There was some confusion between NASA and Sierra Nevada, though, about any requirements for a test flight before beginning operational missions to the station. Orbital and SpaceX, under their earlier COTS cargo development awards, had milestones for demonstration flights before their CRS contracts kicked in. Boeing and SpaceX also have requirements for test flights to the station for their crewed vehicles before operational missions start.

“Do I expect Sierra to have test flights? Absolutely,” said Shireman at Thursday’s briefing, adding that the company will also need the appropriate licenses from the FAA for commercial launch and reentry.

Sirangelo, though, said Sierra Nevada was not planning any dedicated orbital test flights prior to its first CRS-2 mission. “We are actually not required to have a first flight test before we do our first mission,” he said, saying NASA may have been referring to the company’s atmospheric test flight program. That program and the use of the Atlas V mean “our first operational mission will be the first orbital flight of the vehicle.”

“We’re pretty confident, to be quite honest, once we have this cargo system flying, everybody is going to be asking us, ‘When’s the crewed version coming?’” Lindsey said.

That first orbital flight, though, will include a number of test objectives as well. “We will do a much more extensive checkout after we reach orbit, doing a number of things to prove out that everything is ready to go before we go into that first docking or berthing” with the station, said Lindsey.

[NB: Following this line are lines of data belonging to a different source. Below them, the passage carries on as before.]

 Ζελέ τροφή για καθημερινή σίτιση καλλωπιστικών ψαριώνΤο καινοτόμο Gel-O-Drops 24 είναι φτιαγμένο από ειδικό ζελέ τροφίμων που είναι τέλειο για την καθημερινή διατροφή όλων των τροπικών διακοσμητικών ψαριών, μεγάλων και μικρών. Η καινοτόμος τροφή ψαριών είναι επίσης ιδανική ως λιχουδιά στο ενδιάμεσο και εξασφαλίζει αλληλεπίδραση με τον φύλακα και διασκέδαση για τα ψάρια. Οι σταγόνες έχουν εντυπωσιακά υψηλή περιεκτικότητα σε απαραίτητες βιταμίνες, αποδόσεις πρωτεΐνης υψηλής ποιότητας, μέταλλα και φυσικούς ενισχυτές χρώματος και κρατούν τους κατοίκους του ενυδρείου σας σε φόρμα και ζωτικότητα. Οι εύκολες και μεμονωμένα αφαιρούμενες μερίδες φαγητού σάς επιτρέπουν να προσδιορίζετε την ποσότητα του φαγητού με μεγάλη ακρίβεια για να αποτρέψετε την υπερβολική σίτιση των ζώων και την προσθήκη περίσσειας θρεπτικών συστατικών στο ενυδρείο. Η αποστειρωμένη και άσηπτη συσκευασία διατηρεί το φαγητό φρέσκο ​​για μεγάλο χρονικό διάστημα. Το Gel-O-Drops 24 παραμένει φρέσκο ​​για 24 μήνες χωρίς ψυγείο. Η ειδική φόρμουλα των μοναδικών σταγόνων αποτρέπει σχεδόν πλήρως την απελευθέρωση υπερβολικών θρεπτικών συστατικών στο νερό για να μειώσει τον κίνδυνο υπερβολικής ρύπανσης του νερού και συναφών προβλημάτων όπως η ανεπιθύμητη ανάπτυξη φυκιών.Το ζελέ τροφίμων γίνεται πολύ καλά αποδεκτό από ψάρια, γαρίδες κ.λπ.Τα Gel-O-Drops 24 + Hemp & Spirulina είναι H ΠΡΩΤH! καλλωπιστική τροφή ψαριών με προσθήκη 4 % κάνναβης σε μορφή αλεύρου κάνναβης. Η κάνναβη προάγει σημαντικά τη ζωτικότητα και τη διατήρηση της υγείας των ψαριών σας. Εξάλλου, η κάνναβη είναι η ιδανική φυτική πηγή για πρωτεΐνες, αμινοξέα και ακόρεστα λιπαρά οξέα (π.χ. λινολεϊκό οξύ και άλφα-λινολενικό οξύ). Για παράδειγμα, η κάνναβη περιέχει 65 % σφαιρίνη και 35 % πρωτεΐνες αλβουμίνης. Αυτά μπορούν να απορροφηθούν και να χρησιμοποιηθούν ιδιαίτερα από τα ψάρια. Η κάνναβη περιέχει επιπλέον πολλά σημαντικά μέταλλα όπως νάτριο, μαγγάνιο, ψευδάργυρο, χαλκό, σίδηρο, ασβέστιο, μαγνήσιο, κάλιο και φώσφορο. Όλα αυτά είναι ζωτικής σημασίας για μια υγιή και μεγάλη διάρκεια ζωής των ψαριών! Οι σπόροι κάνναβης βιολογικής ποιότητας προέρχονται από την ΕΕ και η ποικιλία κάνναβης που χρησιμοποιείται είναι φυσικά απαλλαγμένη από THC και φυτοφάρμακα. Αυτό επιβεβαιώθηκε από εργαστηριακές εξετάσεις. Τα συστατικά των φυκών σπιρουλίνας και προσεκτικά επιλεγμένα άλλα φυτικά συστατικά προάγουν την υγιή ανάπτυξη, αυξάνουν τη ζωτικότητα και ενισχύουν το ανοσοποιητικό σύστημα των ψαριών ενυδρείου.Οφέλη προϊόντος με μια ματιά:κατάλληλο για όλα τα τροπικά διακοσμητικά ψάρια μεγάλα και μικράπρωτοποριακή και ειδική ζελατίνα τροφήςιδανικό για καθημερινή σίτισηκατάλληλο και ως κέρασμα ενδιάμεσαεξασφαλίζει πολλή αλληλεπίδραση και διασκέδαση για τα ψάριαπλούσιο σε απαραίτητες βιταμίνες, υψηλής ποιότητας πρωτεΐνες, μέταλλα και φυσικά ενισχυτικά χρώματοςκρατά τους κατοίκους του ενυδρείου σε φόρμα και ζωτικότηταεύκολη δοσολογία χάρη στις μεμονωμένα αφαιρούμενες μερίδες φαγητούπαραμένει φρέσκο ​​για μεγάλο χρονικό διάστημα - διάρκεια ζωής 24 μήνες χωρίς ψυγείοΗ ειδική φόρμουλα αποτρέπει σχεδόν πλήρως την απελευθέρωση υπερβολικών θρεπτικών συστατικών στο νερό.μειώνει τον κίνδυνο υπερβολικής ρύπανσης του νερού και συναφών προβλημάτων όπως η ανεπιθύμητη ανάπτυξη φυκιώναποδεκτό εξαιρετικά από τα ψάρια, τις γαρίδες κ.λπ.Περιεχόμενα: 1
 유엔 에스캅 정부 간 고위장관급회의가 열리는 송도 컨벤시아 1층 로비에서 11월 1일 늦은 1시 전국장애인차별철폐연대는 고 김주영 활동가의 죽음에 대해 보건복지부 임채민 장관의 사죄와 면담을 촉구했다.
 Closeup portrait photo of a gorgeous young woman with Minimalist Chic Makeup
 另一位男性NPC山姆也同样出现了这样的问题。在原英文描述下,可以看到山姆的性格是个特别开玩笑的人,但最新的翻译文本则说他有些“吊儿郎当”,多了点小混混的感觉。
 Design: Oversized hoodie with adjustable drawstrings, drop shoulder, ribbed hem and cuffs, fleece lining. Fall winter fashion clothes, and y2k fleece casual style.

Sirangelo said the company also had the financial resources to develop Dream Chaser even without the equivalent of a COTS award, thanks to its earlier NASA commercial crew work and other, unspecified funding. “As a private company, together with our partners, we have the resources to be able to produce what’s necessary under the contract,” he said.

NASA, in last week’s announcement, declined to give a dollar value for any of the three CRS-2 contracts. Shireman said that while the maximum combined potential value listed in the CRS-2 request for proposals was $14 billion, “the mix of flights we’re looking at is nowhere near that value.” The actual value will depend on the choice of flights, and when they’re flown, but Shireman declined to give even a minimum value of the contracts. “I could, but I won’t,” he said, saying it was not “information we could divulge at this time.”

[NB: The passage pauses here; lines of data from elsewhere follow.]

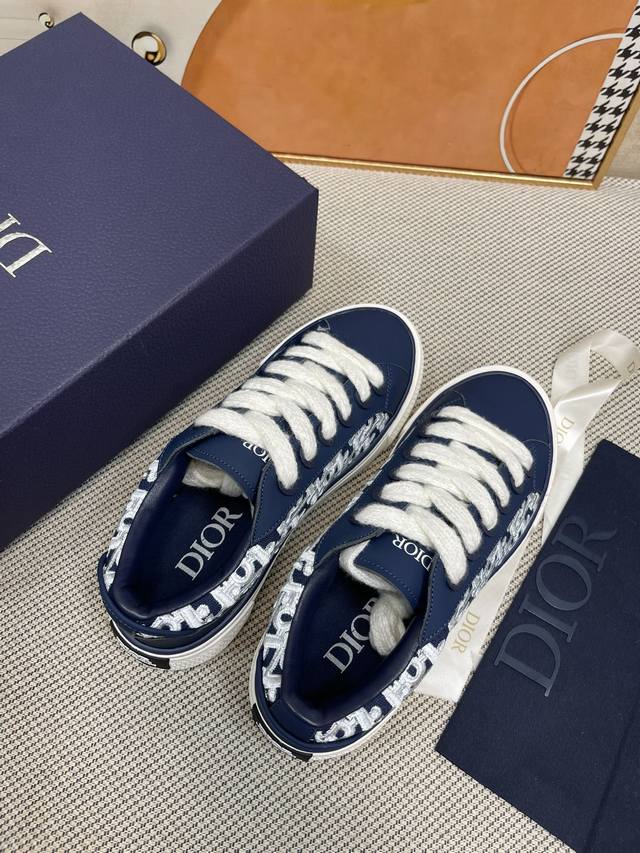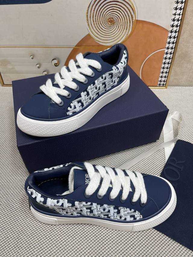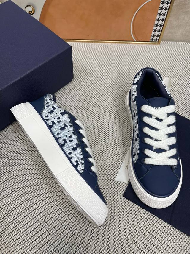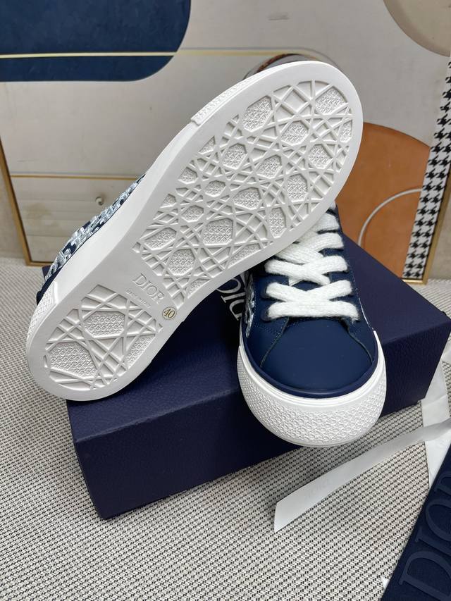 Embroidered Dio B33 Series - Top-Tier Version - Casual and Stylish Couple Style - Original Purchase and Developed - Made with Dior Grey Calfskin Leather, featuring a matching Diamond pattern canvas panel on the side. The iconic icon-shaped eyelets are subtly detailed, and the two-tone rubber sole, tongue, and heel are adorned with distinctive details, making it a very sophisticated and versatile shoe. Material: Imported calfskin + Oblique monogram fabric. Lining: Custom breathable lining. Outsole: Original molded TPU combination outsole. Sole thickness: 3cm. Sizes: Women's: 35-40; Men's: 38-45. Women's 41, Men's 38, 46 are custom-made and non-refundable.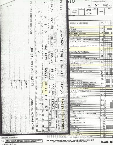 Up for auction/BIN is a 1968 GTO that came with a 400-4bbl, and Turbo 400 transmission with a Hurst his and hers shifter. It has power brakes and power steering. It also has air conditioning. The paint is Verdoro Green with gold interior and gold vinyl roof. I have all of the PHS documentation(see attached microfiche). I purchased the car locally with no title. I have checked with local law enforcement and the car VIN is clear. I have paid for and am trying to get a lost title locally. If I get it, I will forward it to the purchaser.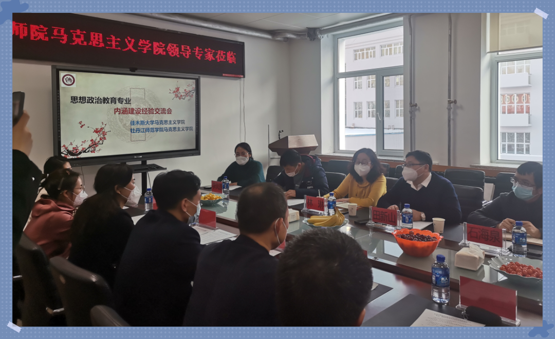 2023年1月9日马克思主义学院的党委书记田新山、副院长(行政负责人)林琳、思想政治教育系主任徐国超、实践部主任石海泉、青年教师刘帅等一行5人赴佳木斯大学马克思主义学院,围绕省重点马克思主义学院建设和思想政治教育专业师范认证进行调研交流。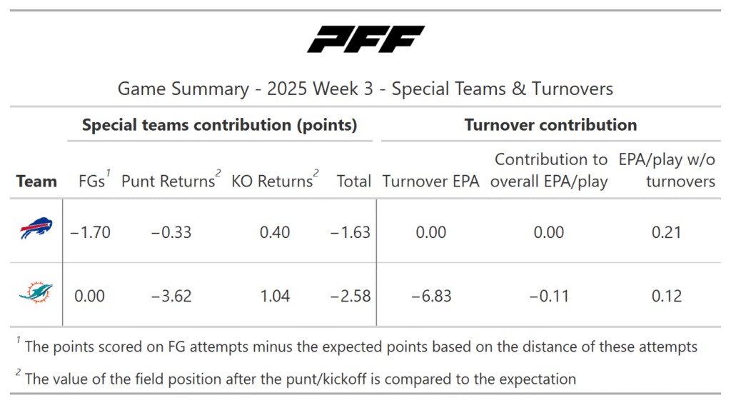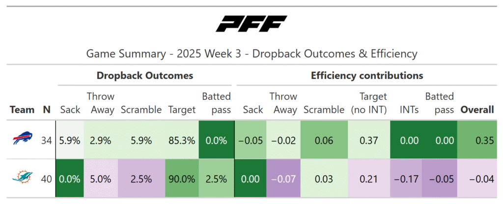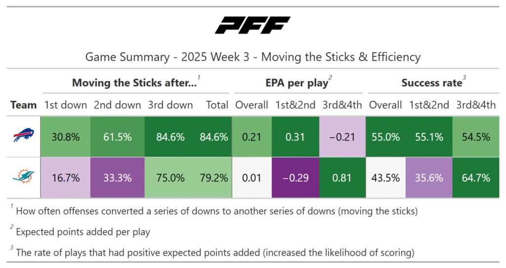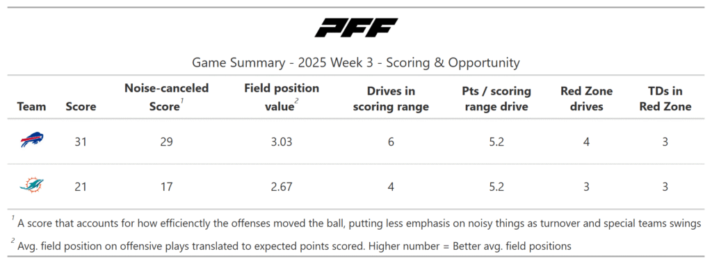 According to the PFF noise-canceled score metric, the Bills deservedly won the game. They moved the ball much better, especially on early downs. The Dolphins were more efficient once reaching the red zone, but they didn’t get to that point as often as Buffalo.

Sirangelo also declined to give a specific estimate of the value of Sierra Nevada’s contract in Friday’s briefing, saying he had been asked by NASA not to divulge that information. However, he estimated in an earlier interview that it was worth at least a billion dollars for the minimum six flights. (Orbital ATK, by contrast, felt no need to be secretive, estimating its contract was worth $1.2–1.5 billion for six flights in a press release.)

As Sierra Nevada moves ahead with the cargo version of Dream Chaser, it has not abandoned the crewed version. “That particular design is very much alive and well,” said Lindsey, noting that the crew and cargo versions have “85 percent or so commonality” in their designs.

“We’re pretty confident, to be quite honest, once we have this cargo system flying, everybody is going to be asking us, ‘When’s the crewed version coming?’” Lindsey added. “We think the opportunities for crew in the future are vast.”